I used to wear my aunt's dresses to school. Those were old. I looked like a friggin' pilgrim for almost all of second grade.

My question is twofold: 1) Why are we being made to pay for such basic stuff that has long been supplied by the school? and 2) Why don't these coaches and teachers and band instructors and PTO peeps sit down and tally up what it is they are demanding of us every year? They would probably pass out. Shit, I'd pass out. That's why I don't keep the receipts.

Yes, I know what you kidless conservatives will say....just don't buy it for them. The kids will survive.

Do you know what being "that kid" does to a child. They crave normalcy at every turn. They just want to be like everybody else. You're setting them up for many uncomfortable moments that they will need to unravel in therapy (which you will be paying for).

The other day, my friend B sent me a text. To put this into some kind of context, her son is an avid Boy Scout, and football player. She's been there throughout, to all the fundraisers and spaghetti dinners, etc...ON the very same day that I will be carting my daughter (and her very expensive rental alto sax) to and from a parade, she will be manning the Scout booth with her son. But she doesn't wash her hands of her duty after that.


Apparently there is a new rule this year that every parent must volunteer for at least two Scouts events every year. A rule.

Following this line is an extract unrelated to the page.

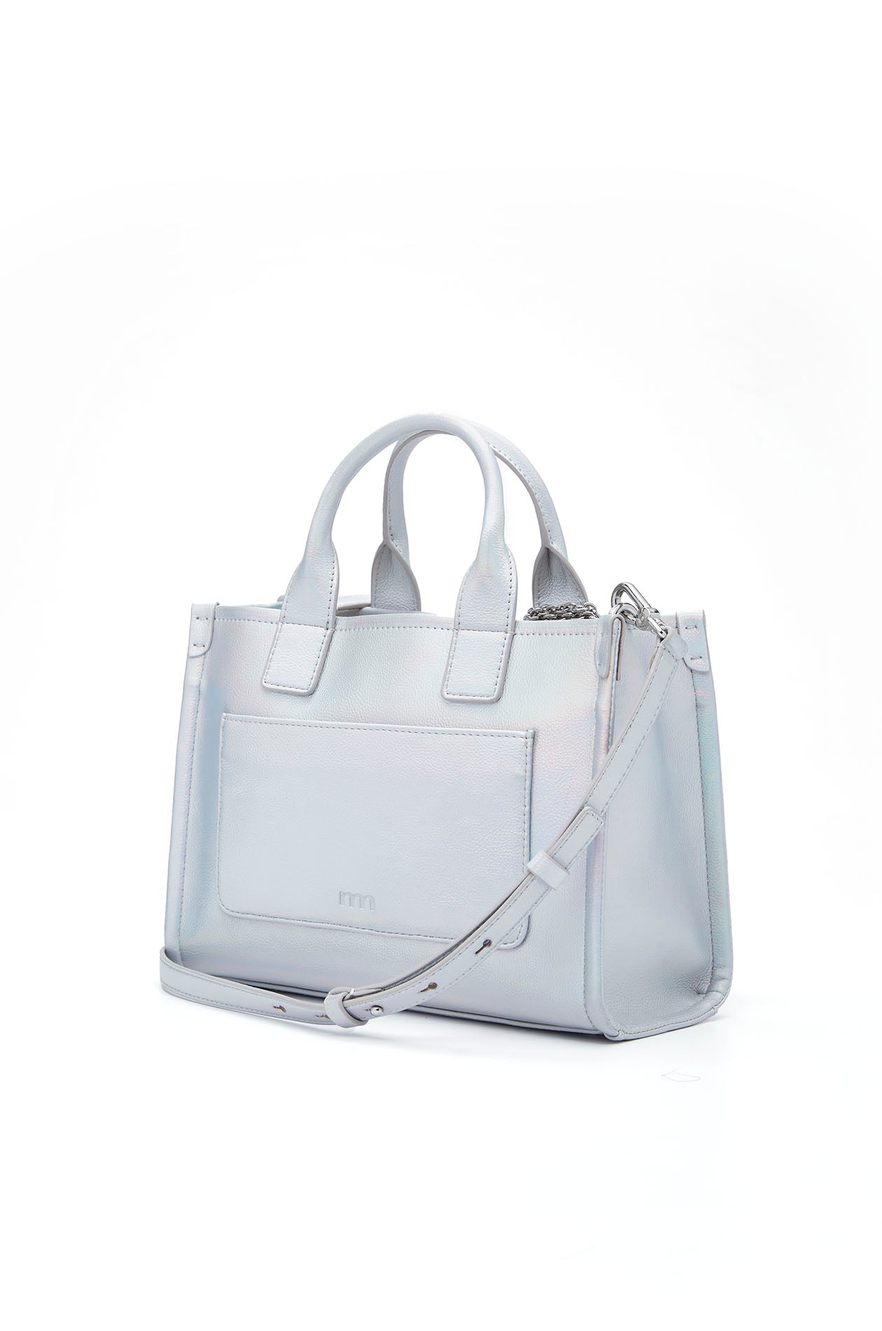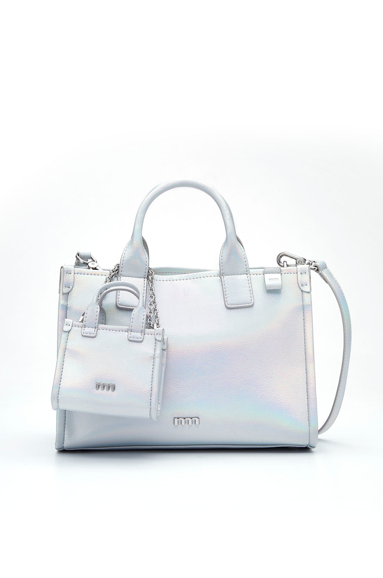 Square-shaped handbag crafted from faux leather with a pearlescent finish. Features structured top handles and a detachable shoulder strap. Includes a matching mini pouch. Available in silver.
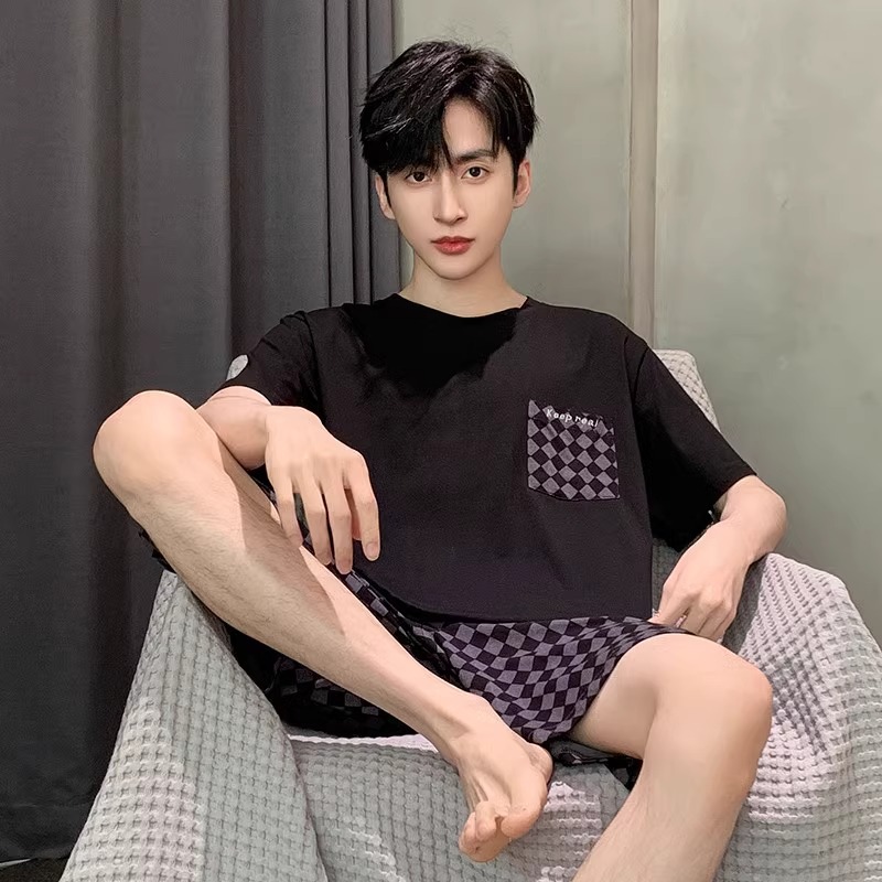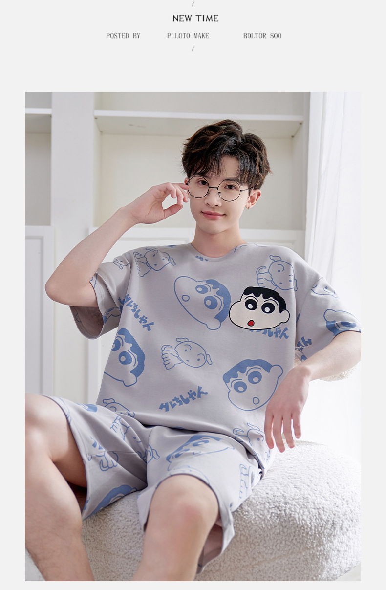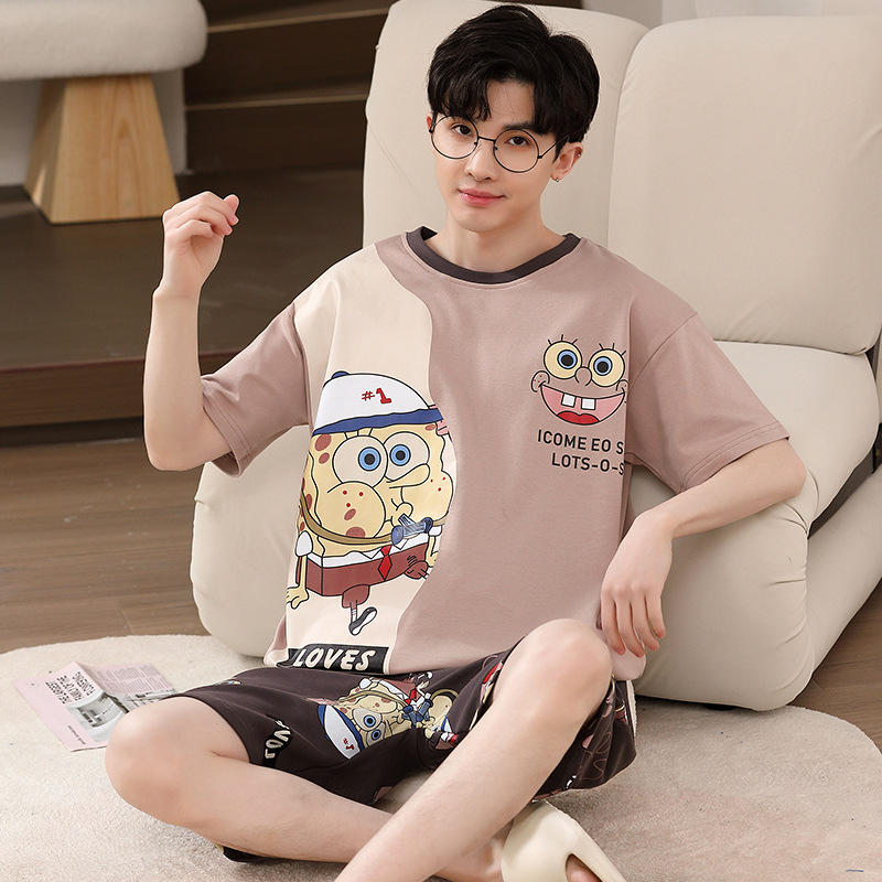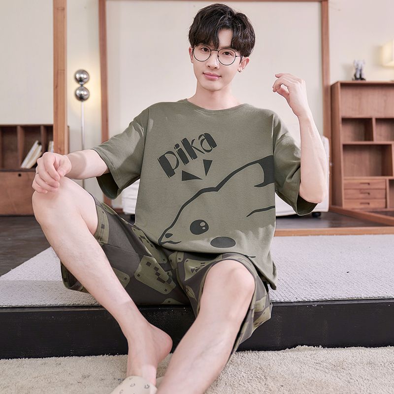 얇은 100.00kg 플러스 사이즈 잠옷 남자 여름 반팔 만화 청소년 여름 편안한 홈 옷 세트스토어 가기

Do you know what this is doing to parents who want to be involved to the extent that they are able? This massive heft of expectation and money and time? It's making us less enthusiastic about, well, everything. If I didn't have to shell out hundreds of dollars on stuff the school used to supply, I'd certainly have a little more free time to say, serve spaghetti. But as it stands, now I need to work several more hours to make up for the money I just blew on fucking pencils. Pencils, people.

The cookie walk is coming up for the holidays...that's the one where you spend at least 30 buck on ingredients (or store bought cookies because they want at least 3 dozen) and then buy them back from the school.

Looks like we're gonna be eating a lot of spaghetti this year.